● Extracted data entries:
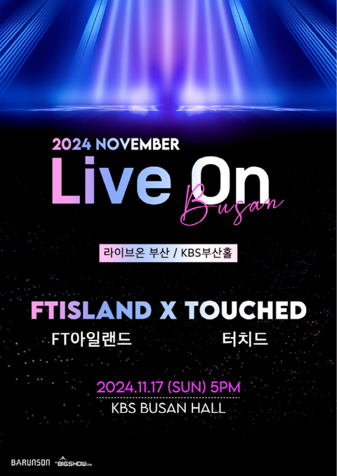 바른손이 주최하고 빅쇼이엔엠이 주관하는 ‘LIVE ON 부산 FT아일랜드(FTISLAND) X 터치드(TOUCHED)’ 옴니버스 공연이 오는 11월 17일 오후 5시 KBS부산홀에서 개최된다.
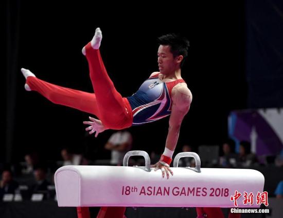 8月23日,雅加达亚运会男子鞍马决赛,中国台北选手李智凯以15.400分夺冠,这是中国台北代表团在亚运会体操历史上的首枚金牌。中国选手邹敬园、孙炜分获二、三名。图为李智凯在比赛中。中新社记者 侯宇 摄
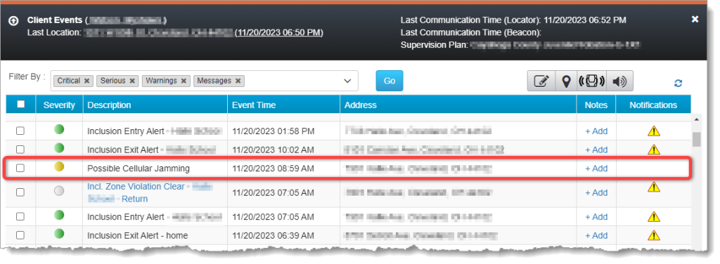 Possible Cellular Jamming Alert on the Client Events Dialog (click to enlarge)
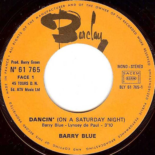 Barry Blue – Dancin’ (On A Saturday Night) (1973) – Very Good Plus (VG+)
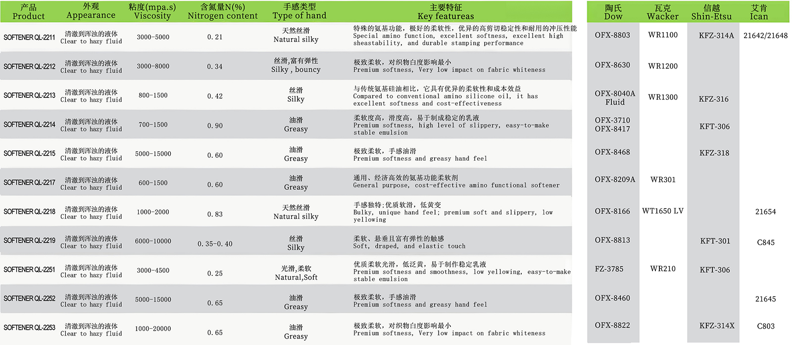 液体流动阻力的量度(单位:mPa・s)。氨基改性硅油的粘度与分子量正相关,同时受分子间作用力(如氢键)和分子结构(如支化度)影响。
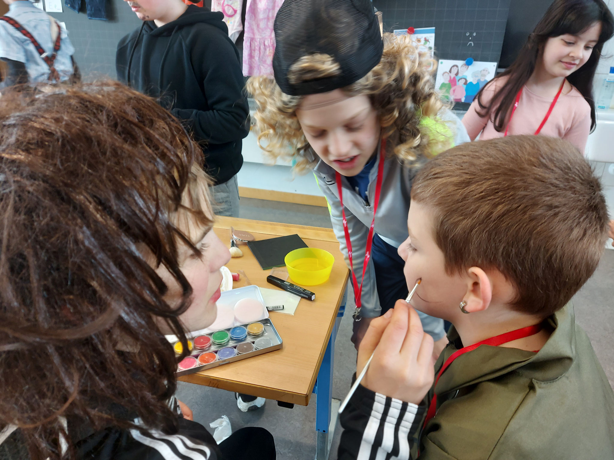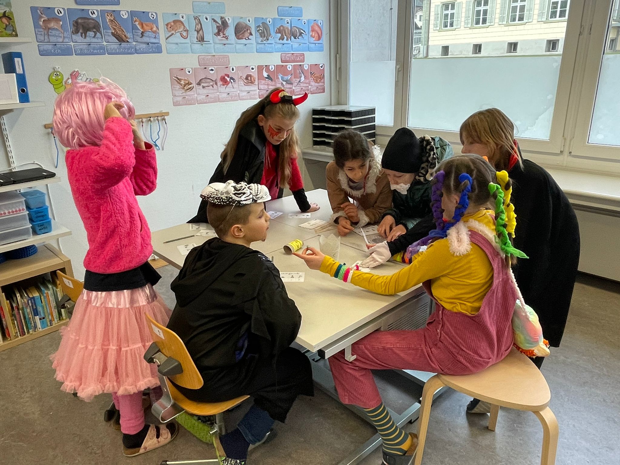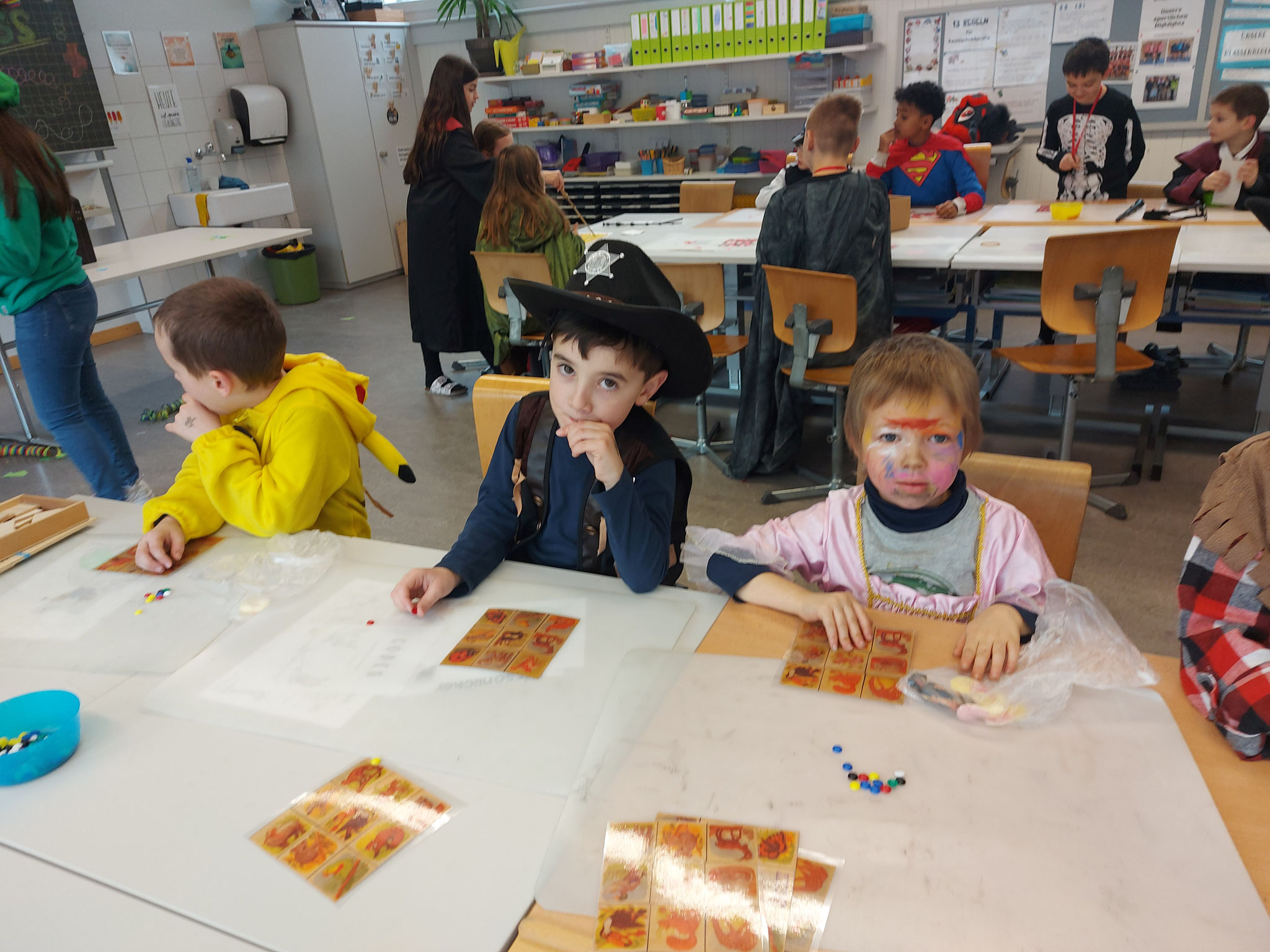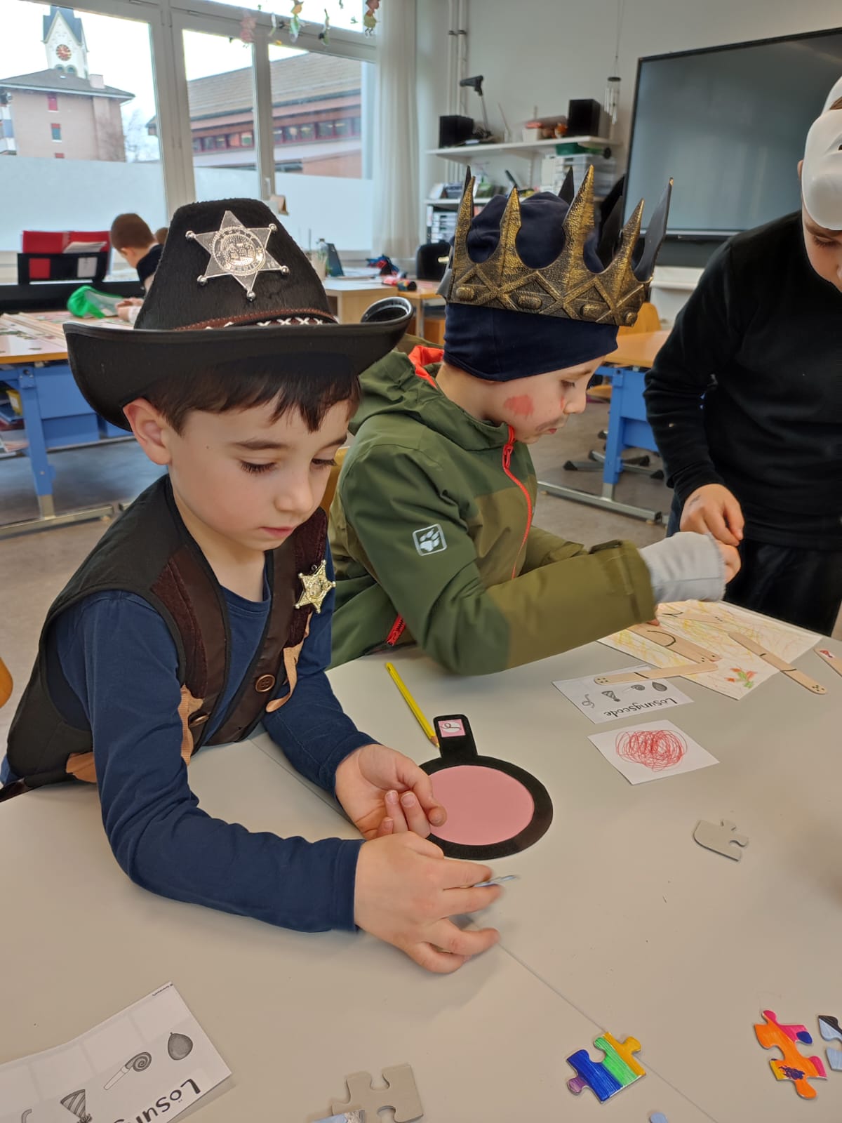 Miteinander richteten die Klassen die verschiedenen Ateliers in der ersten Lektion ein. In den Schulfamilien gab es ein Foto und die Standorte der Ateliers konnten besucht werden. Danach startete der Atelierbetrieb wie Lotto, Wühlkiste, Disco, Armbrustschiessen, Bobbycar-Rennen, Montagsmaler, Kuchen- und Getränkebar, Büchsenwerfen, Schoggispiel, Escape-Rätsel und Schminken. Süsse Preise gab es zu gewinnen.

● Task to complete:
Every line above should be retyped exactly; the pictures do not belong in the copy.

● Your response:
 바른손이 주최하고 빅쇼이엔엠이 주관하는 ‘LIVE ON 부산 FT아일랜드(FTISLAND) X 터치드(TOUCHED)’ 옴니버스 공연이 오는 11월 17일 오후 5시 KBS부산홀에서 개최된다.
 8月23日,雅加达亚运会男子鞍马决赛,中国台北选手李智凯以15.400分夺冠,这是中国台北代表团在亚运会体操历史上的首枚金牌。中国选手邹敬园、孙炜分获二、三名。图为李智凯在比赛中。中新社记者 侯宇 摄
 Possible Cellular Jamming Alert on the Client Events Dialog (click to enlarge)
 Barry Blue – Dancin’ (On A Saturday Night) (1973) – Very Good Plus (VG+)
 液体流动阻力的量度(单位:mPa・s)。氨基改性硅油的粘度与分子量正相关,同时受分子间作用力(如氢键)和分子结构(如支化度)影响。
 Miteinander richteten die Klassen die verschiedenen Ateliers in der ersten Lektion ein. In den Schulfamilien gab es ein Foto und die Standorte der Ateliers konnten besucht werden. Danach startete der Atelierbetrieb wie Lotto, Wühlkiste, Disco, Armbrustschiessen, Bobbycar-Rennen, Montagsmaler, Kuchen- und Getränkebar, Büchsenwerfen, Schoggispiel, Escape-Rätsel und Schminken. Süsse Preise gab es zu gewinnen.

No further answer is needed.